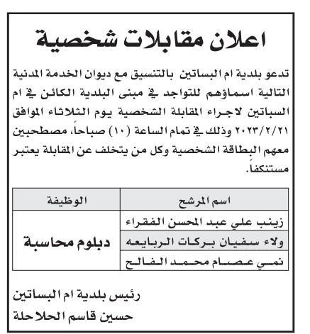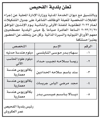 وظائف حكومية شاغرة ومدعوون للمقابلات الشخصية-أسماء
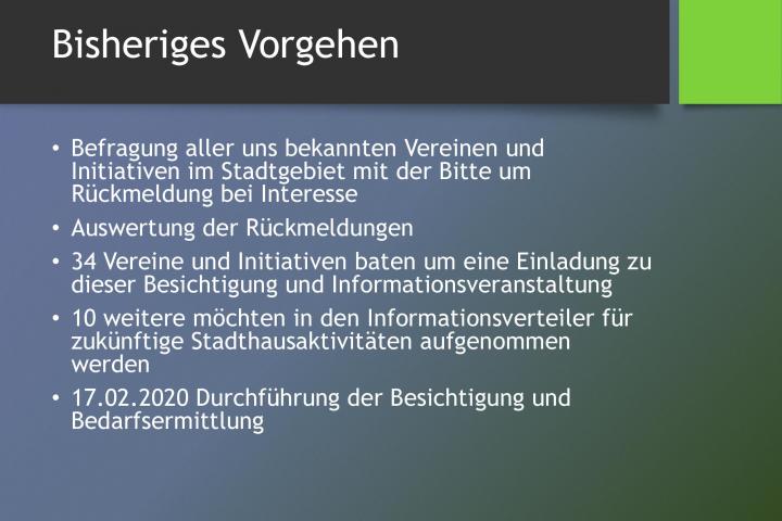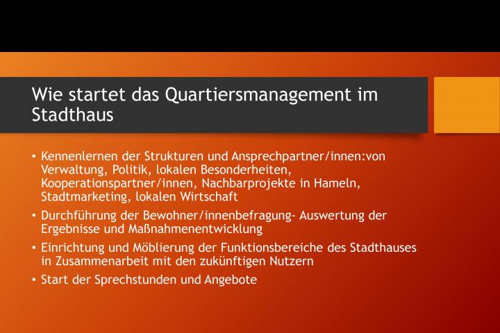 Der Aufbau der GWA ist ein Baustein der Gesamtstrategie HO - Baut um, die Wege aufzeigt, das Grundzentrum, in dem etwa 5.000 Menschen leben, langfristig als Identifikationsort der Gesellschaft und Kristallisationspunkt für das Alltagsleben zu erhalten. Das StadtHaus wurde mit EU-Fördermittel als Schlüsselimmobilie für städtische Daseinsfürsorge und als Standort u.a. für die Gemeinwesenarbeit umgebaut . Mit der Stelle des Quartiersmanager wird das StadtHaus mit Leben und Aktivität im Zusammenwirken mit den städtischen Vereinen, dem Ehrenamt und lokalen Akteuren erfüllt und für Kulturarbeit und Daseinsfürsorge entwickelt. Der Ort bietet Raum für das Beratungsbüro der Gemeinwesenarbeit,die Stadtbücherei, einen Versammlungsraum für das Vereinswesen, und einen Veranstaltungsraum für Kulturveranstaltungen und Begegnungsanlässe. Dabei ist unser QM der zentrale integrierende Faktor. Die GWA in Hessisch Oldendorf startete im Januar 2020 mit der Besetzung der Personalstelle. Die ersten Monate beinhalteten Konzeptentwicklung und Kontaktaufnahme zu potentiellen Vernetzungspartnern.Im Februar fand eine erste öffentliche Veranstaltung zum Thema GWA mit Stadthausbesichtigung statt, die auf eine breite Ressonanz stieß. 36 Vereine und weitere interessierte Bürger/innen bringen sich zukünftig mit Angeboten im StadtHauses ein. Die Liste der Kooperationspartner ist durch Öffentlichkeitsarbeit und Vernetzungsarbeit erfolgreich erweitert und daraus entstehen fortlaufend konkrete Mikroprojekte. Neue Projektideen werden auch aus der aktuellen Pandemiesituation heraus entwickelt und umgesetzt. So koordiniert der Quartiersmanager mit Ehrenamtlern Einkaufshilfen für Kranke und Bedürftige und ist in Kontakt zu Nachbarschaftsapps um ein digitales Medium aufzubauen. Der Quartiermanager hat viele offenen Türen vorgefunden und generiert stetig Kooperationsangebote. Er ist beteiligt an der Umsetzung des Gesundheit-Projektes 3000 Schritte, ist als Ehrenmitglied im Stadtmarketingverein mit regelmäßiger Teilnahme an den Vorstandssitzungen.Für die Zukunft erarbeitet das QM u.a.mit der Grünplanerin ein Konzept für Urban gardening, und unterstützt Zugewanderte bei Eintritt n die Erwerbsarbeit, bei Schwierigkeiten bei Beruf und Ausbildung werden sie durch das Eherenamt unterstützt. Einen besonderen Stellenwert nimmt die Vorbereitung der Nachhaltigkeit ein, regelmäßger Kontakt zu Politik, Stadtplanung und Wirtschaft soll die langfristige Sicherung der GWA herbeiführen.
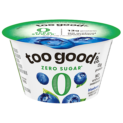 Doing good is about to become a whole lot more delicious with a Too Good & Co. Zero Sugar* Blueberry Yogurt-Cultured Ultra-Filtered Low Fat Milk Product. Too Good & Co. is raising the bar on goodness with Zero Sugar*, creamy taste and ingredients you feel good about. Every 5.3 oz serving of this zero sugar* yogurt-cultured dairy product is made with low fat ultra-filtered milk for deliciously creamy goodness in every spoonful with 70 calories, 0g of total sugar and 13g of protein per serving. Protein is an essential nutrient we need in our diets, and Too Good & Co. cups are great-tasting, convenient options for adding complete protein goodness every day. Plus, it has no lactose and no artificial sweeteners. Too Good & Co. Zero Sugar yogurt-cultured ultra filtered low fat milk makes a great addition to your breakfast and a delightful afternoon snack. Grab a pack for on the go snacks or pack a snack cup for a tasty pick-me-up whenever you need it. *Not a low calorie food.
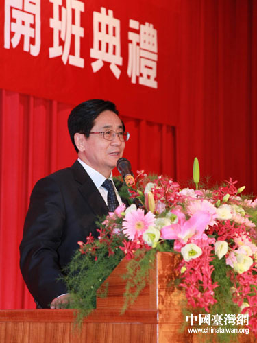 趙洪祝書(shū)記致辭并邀請(qǐng)臺(tái)灣大學(xué)生來(lái)浙江實(shí)習(xí)。(浙江省臺(tái)辦王健 攝)
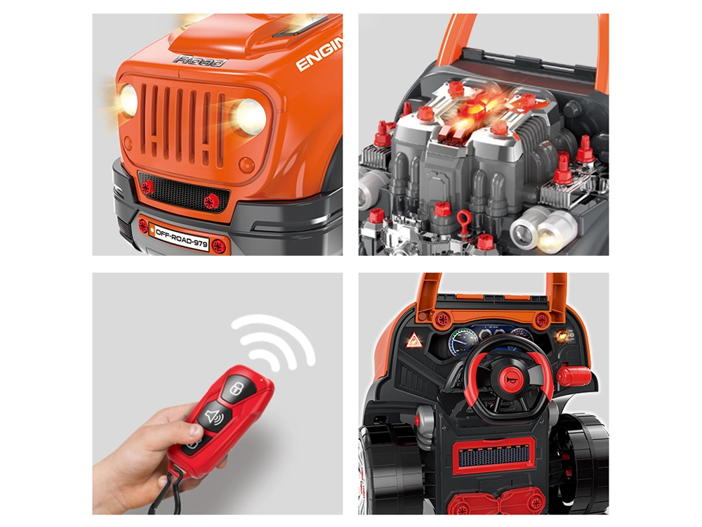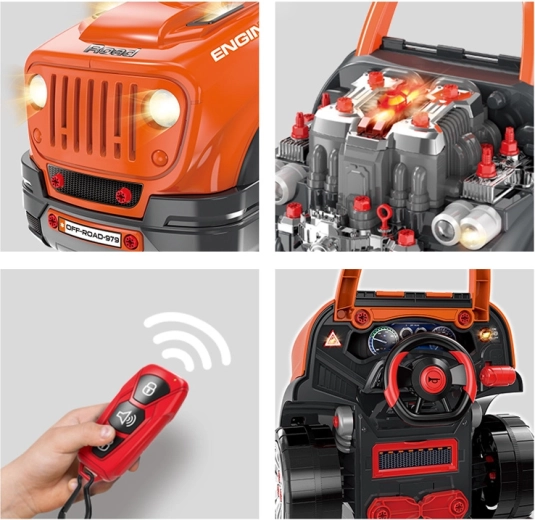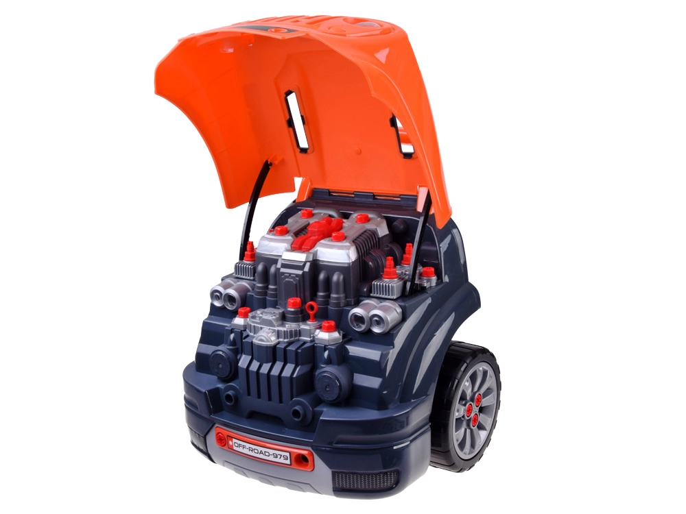 Det interaktive værkstedssæt til små mekanikere simulerer realistisk arbejdet på et autoværksted. Børn kan åbne motorhjelmen, skille og samle den aftagelige motor, skifte hjul og hjulkapsler, prøve start med knap og bruge lyd- og lyseffekter – fra horn og baklyd til alarm og nødblink.
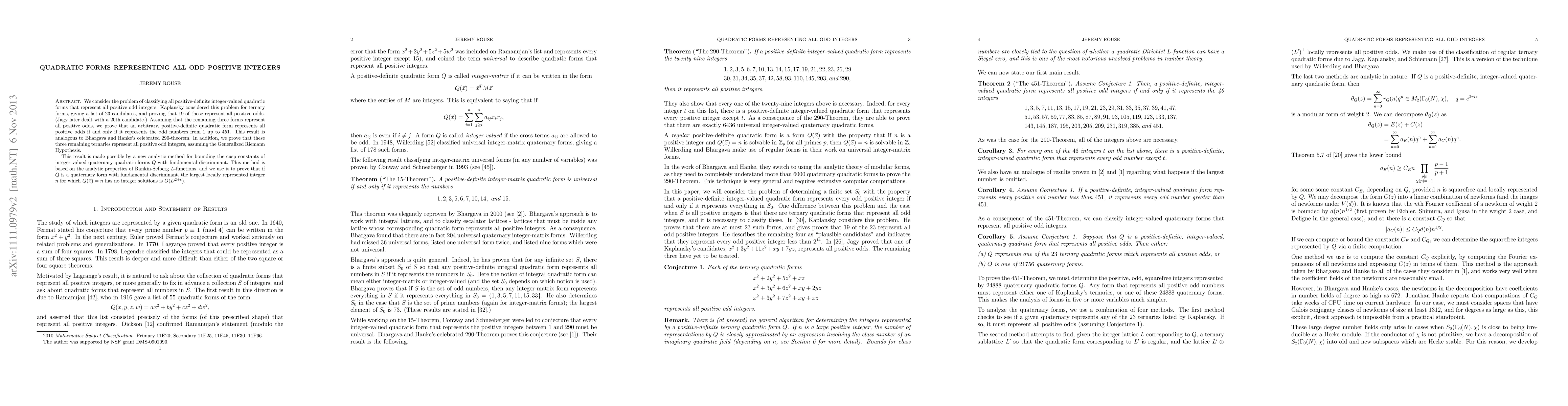 We consider the problem of classifying all positive-definite integer-valued quadratic forms that represent all positive odd integers. Kaplansky considered this problem for ternary forms, giving a list of 23 candidates, and proving that 19 of those represent all positive odds. (Jagy later dealt with a 20th candidate.) Assuming that the remaining three forms represent all positive odds, we prove that an arbitrary, positive-definite quadratic form represents all positive odds if and only if it represents the odd numbers from 1 up to 451. This result is analogous to Bhargava and Hanke's celebrated 290-theorem. In addition, we prove that these three remaining ternaries represent all positive odd integers, assuming the generalized Riemann hypothesis. This result is made possible by a new analytic method for bounding the cusp constants of integer-valued quaternary quadratic forms $Q$ with fundamental discriminant. This method is based on the analytic properties of Rankin-Selberg $L$-functions, and we use it to prove that if $Q$ is a quaternary form with fundamental discriminant, the largest locally represented integer $n$ for which $Q(\vec{x}) = n$ has no integer solutions is $O(D^{2 + \epsilon})$.
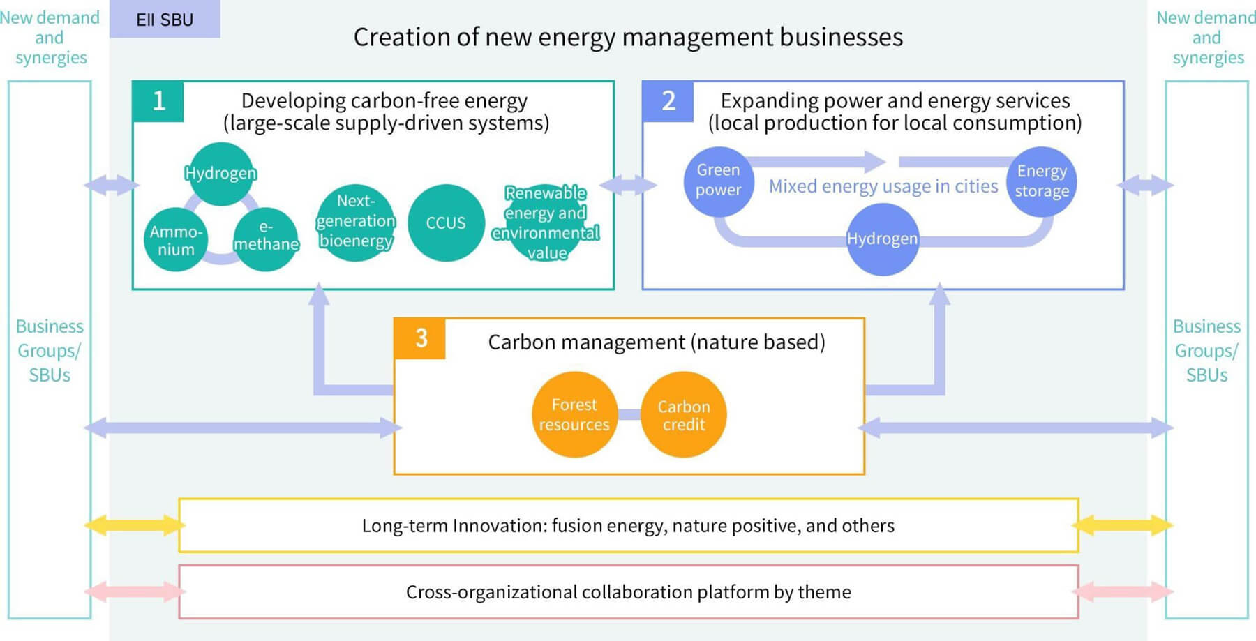 For each theme, we form cross-organizational collaboration platforms that bring together internal and external organizations. Through repeated hypothesis testing and validation, these platforms have given rise to sales organizations pursuing concrete businesses such as carbon credits, CCUS and bioenergy.

About this exercise
Please write every line above out exactly as given, except for any pictures.

Your solution
 وظائف حكومية شاغرة ومدعوون للمقابلات الشخصية-أسماء
 Der Aufbau der GWA ist ein Baustein der Gesamtstrategie HO - Baut um, die Wege aufzeigt, das Grundzentrum, in dem etwa 5.000 Menschen leben, langfristig als Identifikationsort der Gesellschaft und Kristallisationspunkt für das Alltagsleben zu erhalten. Das StadtHaus wurde mit EU-Fördermittel als Schlüsselimmobilie für städtische Daseinsfürsorge und als Standort u.a. für die Gemeinwesenarbeit umgebaut . Mit der Stelle des Quartiersmanager wird das StadtHaus mit Leben und Aktivität im Zusammenwirken mit den städtischen Vereinen, dem Ehrenamt und lokalen Akteuren erfüllt und für Kulturarbeit und Daseinsfürsorge entwickelt. Der Ort bietet Raum für das Beratungsbüro der Gemeinwesenarbeit,die Stadtbücherei, einen Versammlungsraum für das Vereinswesen, und einen Veranstaltungsraum für Kulturveranstaltungen und Begegnungsanlässe. Dabei ist unser QM der zentrale integrierende Faktor. Die GWA in Hessisch Oldendorf startete im Januar 2020 mit der Besetzung der Personalstelle. Die ersten Monate beinhalteten Konzeptentwicklung und Kontaktaufnahme zu potentiellen Vernetzungspartnern.Im Februar fand eine erste öffentliche Veranstaltung zum Thema GWA mit Stadthausbesichtigung statt, die auf eine breite Ressonanz stieß. 36 Vereine und weitere interessierte Bürger/innen bringen sich zukünftig mit Angeboten im StadtHauses ein. Die Liste der Kooperationspartner ist durch Öffentlichkeitsarbeit und Vernetzungsarbeit erfolgreich erweitert und daraus entstehen fortlaufend konkrete Mikroprojekte. Neue Projektideen werden auch aus der aktuellen Pandemiesituation heraus entwickelt und umgesetzt. So koordiniert der Quartiersmanager mit Ehrenamtlern Einkaufshilfen für Kranke und Bedürftige und ist in Kontakt zu Nachbarschaftsapps um ein digitales Medium aufzubauen. Der Quartiermanager hat viele offenen Türen vorgefunden und generiert stetig Kooperationsangebote. Er ist beteiligt an der Umsetzung des Gesundheit-Projektes 3000 Schritte, ist als Ehrenmitglied im Stadtmarketingverein mit regelmäßiger Teilnahme an den Vorstandssitzungen.Für die Zukunft erarbeitet das QM u.a.mit der Grünplanerin ein Konzept für Urban gardening, und unterstützt Zugewanderte bei Eintritt n die Erwerbsarbeit, bei Schwierigkeiten bei Beruf und Ausbildung werden sie durch das Eherenamt unterstützt. Einen besonderen Stellenwert nimmt die Vorbereitung der Nachhaltigkeit ein, regelmäßger Kontakt zu Politik, Stadtplanung und Wirtschaft soll die langfristige Sicherung der GWA herbeiführen.
 Doing good is about to become a whole lot more delicious with a Too Good & Co. Zero Sugar* Blueberry Yogurt-Cultured Ultra-Filtered Low Fat Milk Product. Too Good & Co. is raising the bar on goodness with Zero Sugar*, creamy taste and ingredients you feel good about. Every 5.3 oz serving of this zero sugar* yogurt-cultured dairy product is made with low fat ultra-filtered milk for deliciously creamy goodness in every spoonful with 70 calories, 0g of total sugar and 13g of protein per serving. Protein is an essential nutrient we need in our diets, and Too Good & Co. cups are great-tasting, convenient options for adding complete protein goodness every day. Plus, it has no lactose and no artificial sweeteners. Too Good & Co. Zero Sugar yogurt-cultured ultra filtered low fat milk makes a great addition to your breakfast and a delightful afternoon snack. Grab a pack for on the go snacks or pack a snack cup for a tasty pick-me-up whenever you need it. *Not a low calorie food.
 趙洪祝書(shū)記致辭并邀請(qǐng)臺(tái)灣大學(xué)生來(lái)浙江實(shí)習(xí)。(浙江省臺(tái)辦王健 攝)
 Det interaktive værkstedssæt til små mekanikere simulerer realistisk arbejdet på et autoværksted. Børn kan åbne motorhjelmen, skille og samle den aftagelige motor, skifte hjul og hjulkapsler, prøve start med knap og bruge lyd- og lyseffekter – fra horn og baklyd til alarm og nødblink.
 We consider the problem of classifying all positive-definite integer-valued quadratic forms that represent all positive odd integers. Kaplansky considered this problem for ternary forms, giving a list of 23 candidates, and proving that 19 of those represent all positive odds. (Jagy later dealt with a 20th candidate.) Assuming that the remaining three forms represent all positive odds, we prove that an arbitrary, positive-definite quadratic form represents all positive odds if and only if it represents the odd numbers from 1 up to 451. This result is analogous to Bhargava and Hanke's celebrated 290-theorem. In addition, we prove that these three remaining ternaries represent all positive odd integers, assuming the generalized Riemann hypothesis. This result is made possible by a new analytic method for bounding the cusp constants of integer-valued quaternary quadratic forms $Q$ with fundamental discriminant. This method is based on the analytic properties of Rankin-Selberg $L$-functions, and we use it to prove that if $Q$ is a quaternary form with fundamental discriminant, the largest locally represented integer $n$ for which $Q(\vec{x}) = n$ has no integer solutions is $O(D^{2 + \epsilon})$.
 For each theme, we form cross-organizational collaboration platforms that bring together internal and external organizations. Through repeated hypothesis testing and validation, these platforms have given rise to sales organizations pursuing concrete businesses such as carbon credits, CCUS and bioenergy.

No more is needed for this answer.